== Supplied material

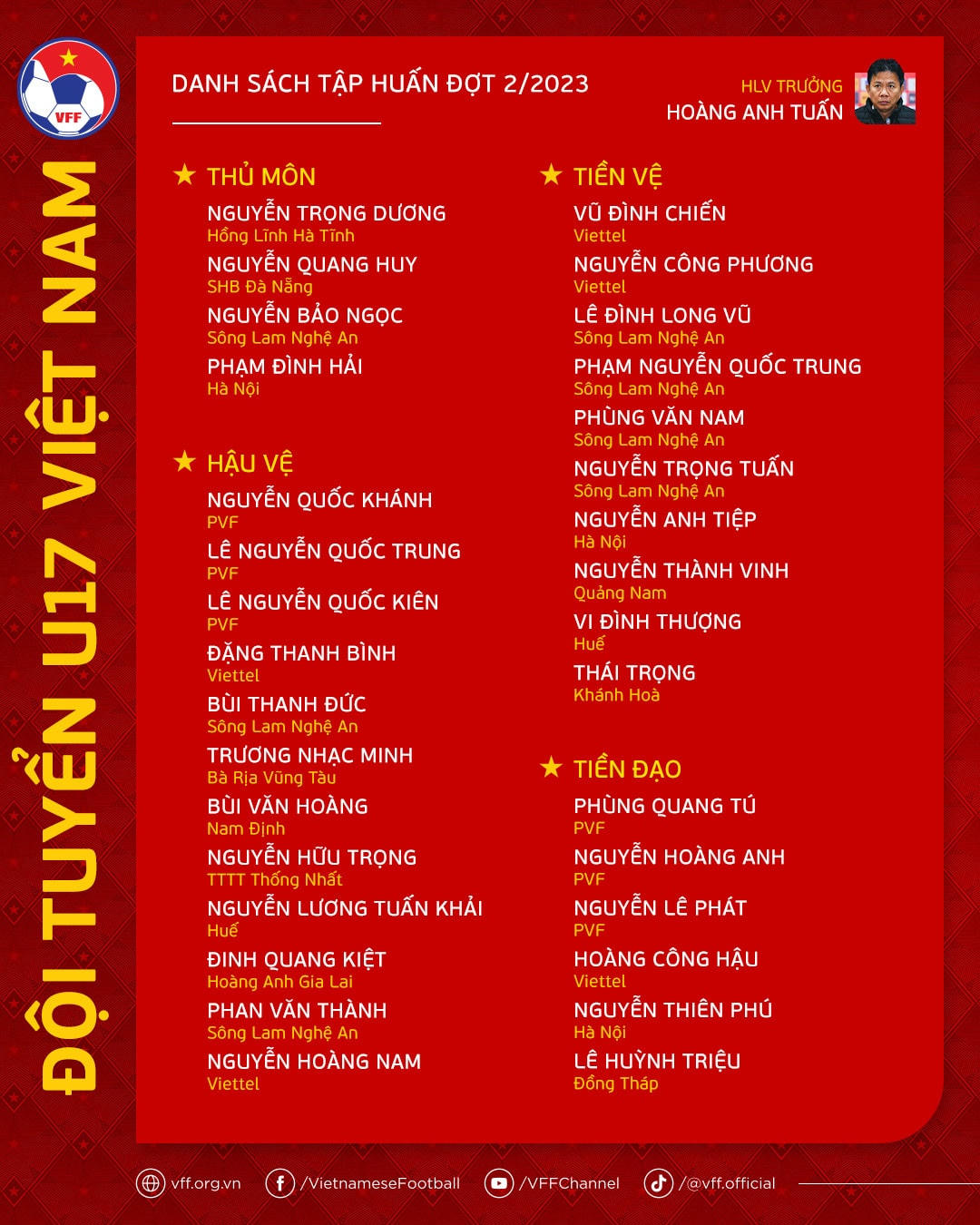 Nằm trong kế hoạch chuẩn bị cho VCK U17 châu Á 2023, ĐT U17 Việt Nam dưới sự dẫn dắt của HLV trưởng Hoàng Anh Tuấn đã hội quân trở lại với 32 cầu thủ được triệu tập.
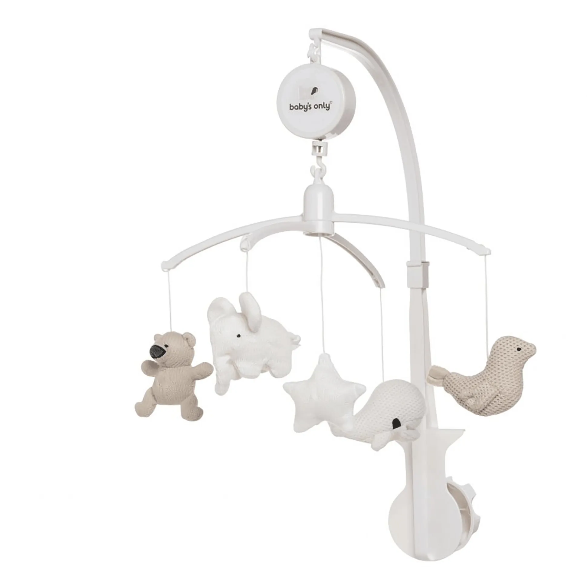 Das Musik-Mobile mit niedlichen Tieren von Baby’s Only ist ein bezauberndes und spielerisches Dekorationsstück für jedes Kinderzimmer. Das liebevoll gestaltete Mobile besteht aus hochwertigen Materialien und begeistert mit seiner neutralen Farbe in wollweiß. Es präsentiert eine Reihe gestrickter Tiere, die sorgfältig ausgearbeitet und mit lebendigen Details versehen sind. Außerdem spielt es das Lied „It’s a small world“, das deinen kleinen Schatz sanft ins Land der Träume begleitet. Dank seiner leichten Bewegungen erzeugt das Mobile eine beruhigende Atmosphäre im Raum und zieht die Aufmerksamkeit des Kindes auf sich. Es regt die Sinne an und fördert die visuelle Wahrnehmung sowie die Entwicklung der motorischen Fähigkeiten.
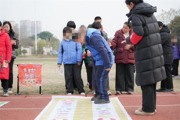 游戏区是活动的“欢乐主场”,10个特色游戏同步展开,处处洋溢着孩子们的笑声与欢声。在“欢乐套圈”摊位前,孩子们全神贯注地瞄准目标,轻轻抛出手中的圈;在“团体运球”场地里,大家在奔跑与协作中感受运动的快乐;“纸杯夹夹乐”则考验孩子们的耐心与协调性,他们小心翼翼地用夹子夹起纸杯,赢得周围阵阵欢呼。每个游戏摊位都由教师和家长志愿者组织引导,他们详细讲解规则,记录成绩,并为完成挑战的孩子盖上印章。
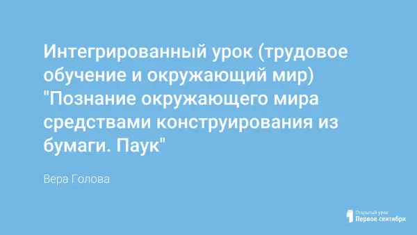 Бумага, как пластический материал, из которого можно вылепить все, что угодно: фигуры людей, зверей, птиц, насекомых, создать портреты, натюрморты, пейзажи в объеме и рельефе. Конструирование из бумаги увлекает детей, результат сразу виден. Сейчас я предлагаю попробовать изготовить из обычной бумаги модель паука. Рекомендую перед проведением урока провести подготовительную работу: дети готовят сообщения о паукообразных, просмотреть фильм "Мелкие хищники", подготовить стихи и загадки о пауках.
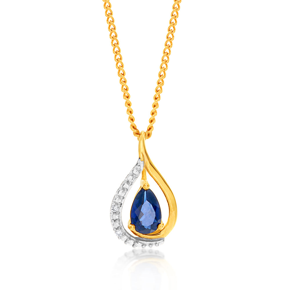9ct Yellow Gold Created Sapphire and Diamond Pendant
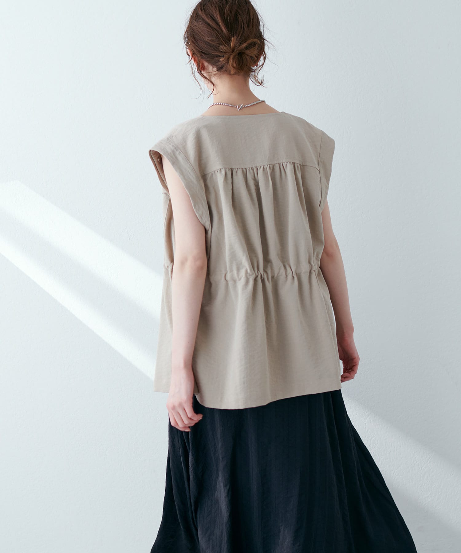 お届け状態は平らですが、ウエストの絞りを調整してクシュっと感を作り立体感あるラインもお楽しみ頂けます。
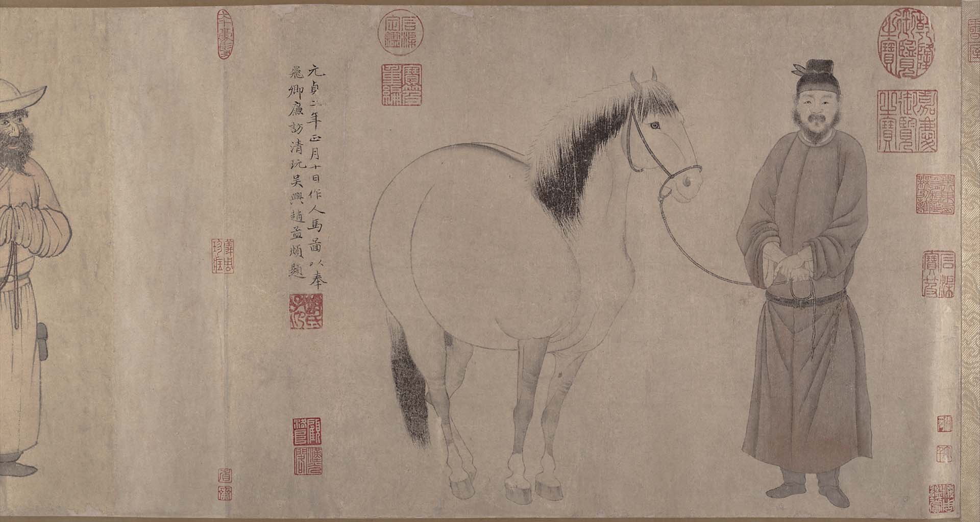 北宋留下的「詩畫」傳統,由金代的文人所吸收並且延續。直至趙孟頫時,他又一次地將文人畫的核心概念拉上檯面討論,將文人畫的筆墨歸結於書法的用筆 。和「詩畫合一」相同的是,書法也是文人的特色、甚至可說是特權,趙孟頫以文人基本功的書法作為文人畫的主軸,意味著人人都可以作畫。有趣的是,趙孟頫與其子也繪製了〈三世人馬圖〉,其中可見與李公麟〈五馬圖〉中牽馬的奚官所戴的特殊帽子。趙孟頫身為趙宋後裔,即使在元代為官,卻屬於當時最不被重視的一群 。他曾任職濟南任行政職,隨後又待業在家。正是這段不到半年的時間,他先後創作了〈鵲華秋色圖〉與〈三世人馬圖〉,將書法融入畫作中,作為南方漢人發聲的武器。文人作畫,似乎意不在畫。人馬圖作為人物畫中母題之一,至李公麟時成為了文人投射自身懷才不遇的載體。黃庭堅的後跋成為有力佐證,圖與文和延伸至詩畫合一,是文人優勢與畫作的第一次結合。元代趙孟頫時的文人困境在於文人身分不被重視,他以另一種方式呈現文人優勢,將書法線條入畫繪成〈鵲華秋色圖〉,展現了獨特的藝術風格及文人畫的精神。晚於〈鵲華秋色圖〉約半年的〈三世人馬圖〉的創作,似乎又回到了文人們急需解答的內在提問:千里馬在此,誰是伯樂?(文/李思潔)
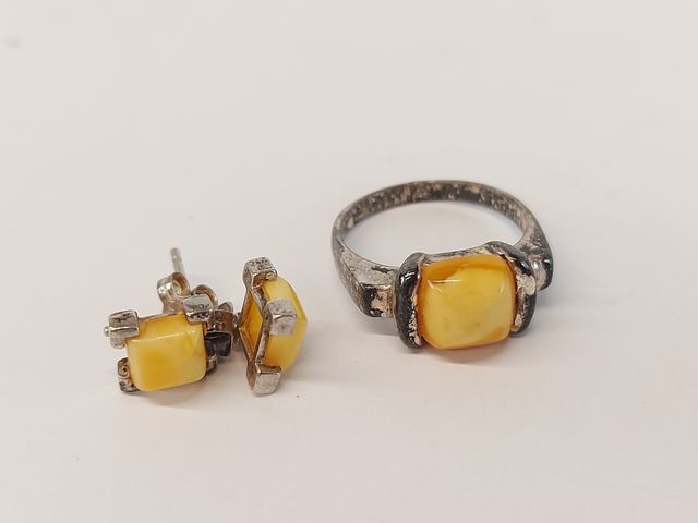 Lot # 55 - Gros lot de bijoux en argent avec ambre (ambre vert, ambre butter scotch) dont pendentif mesurant 2 pouces et bracelet mesurant 7 pouces VENDU

====

**Directions**:
I would like the data above transcribed exactly, with its pictures left out.

**Reply to the task**:
 Nằm trong kế hoạch chuẩn bị cho VCK U17 châu Á 2023, ĐT U17 Việt Nam dưới sự dẫn dắt của HLV trưởng Hoàng Anh Tuấn đã hội quân trở lại với 32 cầu thủ được triệu tập.
 Das Musik-Mobile mit niedlichen Tieren von Baby’s Only ist ein bezauberndes und spielerisches Dekorationsstück für jedes Kinderzimmer. Das liebevoll gestaltete Mobile besteht aus hochwertigen Materialien und begeistert mit seiner neutralen Farbe in wollweiß. Es präsentiert eine Reihe gestrickter Tiere, die sorgfältig ausgearbeitet und mit lebendigen Details versehen sind. Außerdem spielt es das Lied „It’s a small world“, das deinen kleinen Schatz sanft ins Land der Träume begleitet. Dank seiner leichten Bewegungen erzeugt das Mobile eine beruhigende Atmosphäre im Raum und zieht die Aufmerksamkeit des Kindes auf sich. Es regt die Sinne an und fördert die visuelle Wahrnehmung sowie die Entwicklung der motorischen Fähigkeiten.
 游戏区是活动的“欢乐主场”,10个特色游戏同步展开,处处洋溢着孩子们的笑声与欢声。在“欢乐套圈”摊位前,孩子们全神贯注地瞄准目标,轻轻抛出手中的圈;在“团体运球”场地里,大家在奔跑与协作中感受运动的快乐;“纸杯夹夹乐”则考验孩子们的耐心与协调性,他们小心翼翼地用夹子夹起纸杯,赢得周围阵阵欢呼。每个游戏摊位都由教师和家长志愿者组织引导,他们详细讲解规则,记录成绩,并为完成挑战的孩子盖上印章。
 Бумага, как пластический материал, из которого можно вылепить все, что угодно: фигуры людей, зверей, птиц, насекомых, создать портреты, натюрморты, пейзажи в объеме и рельефе. Конструирование из бумаги увлекает детей, результат сразу виден. Сейчас я предлагаю попробовать изготовить из обычной бумаги модель паука. Рекомендую перед проведением урока провести подготовительную работу: дети готовят сообщения о паукообразных, просмотреть фильм "Мелкие хищники", подготовить стихи и загадки о пауках.
9ct Yellow Gold Created Sapphire and Diamond Pendant
 お届け状態は平らですが、ウエストの絞りを調整してクシュっと感を作り立体感あるラインもお楽しみ頂けます。
 北宋留下的「詩畫」傳統,由金代的文人所吸收並且延續。直至趙孟頫時,他又一次地將文人畫的核心概念拉上檯面討論,將文人畫的筆墨歸結於書法的用筆 。和「詩畫合一」相同的是,書法也是文人的特色、甚至可說是特權,趙孟頫以文人基本功的書法作為文人畫的主軸,意味著人人都可以作畫。有趣的是,趙孟頫與其子也繪製了〈三世人馬圖〉,其中可見與李公麟〈五馬圖〉中牽馬的奚官所戴的特殊帽子。趙孟頫身為趙宋後裔,即使在元代為官,卻屬於當時最不被重視的一群 。他曾任職濟南任行政職,隨後又待業在家。正是這段不到半年的時間,他先後創作了〈鵲華秋色圖〉與〈三世人馬圖〉,將書法融入畫作中,作為南方漢人發聲的武器。文人作畫,似乎意不在畫。人馬圖作為人物畫中母題之一,至李公麟時成為了文人投射自身懷才不遇的載體。黃庭堅的後跋成為有力佐證,圖與文和延伸至詩畫合一,是文人優勢與畫作的第一次結合。元代趙孟頫時的文人困境在於文人身分不被重視,他以另一種方式呈現文人優勢,將書法線條入畫繪成〈鵲華秋色圖〉,展現了獨特的藝術風格及文人畫的精神。晚於〈鵲華秋色圖〉約半年的〈三世人馬圖〉的創作,似乎又回到了文人們急需解答的內在提問:千里馬在此,誰是伯樂?(文/李思潔)
 Lot # 55 - Gros lot de bijoux en argent avec ambre (ambre vert, ambre butter scotch) dont pendentif mesurant 2 pouces et bracelet mesurant 7 pouces VENDU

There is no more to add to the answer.